4. Page 4, line 163: The authors used a JOEL microscope. Maybe JEOL?

Response: In page 4 line 172,the word JOEL is corrected as JEOL highlighted in yellow.

5. Page 5, line 207: The word "medium" is repeated twice.

Response: In page 5 , line 216 the word repeated medium is removed.

6. Fig. 2: As usual, the peaks on the XRD map are labeled by a phase name.

Response: The phase has been indicated by a label in Figure 2.

7. Page 8, line 329-330: The sentence "magnesium fluoride" is repeated twice.

   Response: In page 8, line 338-339 the repeated word has been removed.

8. Fig. 3: It is difficult to compare the bonds in the text with the peaks in the figure. Please label the bonds on the figure.

Response: The bonds have been labeled in Figure 3.

9. Page 9, lines 344-346: Is it sand paper? Please specify.

Response: On page 9, line 353-354 the paper mentioned is different grit sized SiC polishing paper

10. Why are cross-sections not provided? Why coating layer thickness is not determined?

Response: It is extremely difficult to obtain a cross-sectional image with the polymer coating. Additionally, the coating thickness of pre-treated HF and Mg(OH)₂ is well known in the literature. Furthermore, the focus of the current work was to explore and study the influence of alkali and HF pre-treatment on formation of LbL coatings.

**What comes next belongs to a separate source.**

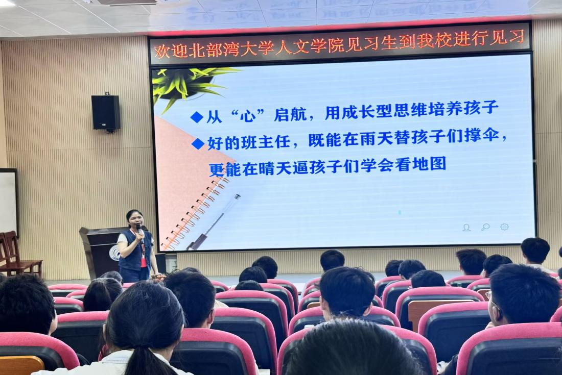 9月22日上午,钦州市外国语学校为见习师生举行了温馨的见面欢迎会。语文教研组组长何丽妮老师勉励同学们“在实践中体悟教育真谛,在体验中积蓄成长力量”。副组长易海清老师就见习安排作了详细说明。当日下午,八年级班主任阙嘉莹老师展示了一堂形式生动、内涵深刻的主题班会课;德育处黄玲主任与安稳办黄贵勇主任则分别围绕班级管理实务作了专题讲座,让同学们对班主任工作的内涵与方法有了更深的理解。

The EIS data and FTIR confirm the presence of the LbL films. Additionally, AFM also confirms the presence of the LbL coating and alteration of the surface roughness.

11. Please compare the pH of HBSS medium with the initial pH of HBSS medium

Response: The pH of the HBSS medium at 37^oC is 7.3.  This was added in the text in line 512 of page 14.

Round 2

Reviewer 1 Report

The paper can be accepted without any further changes.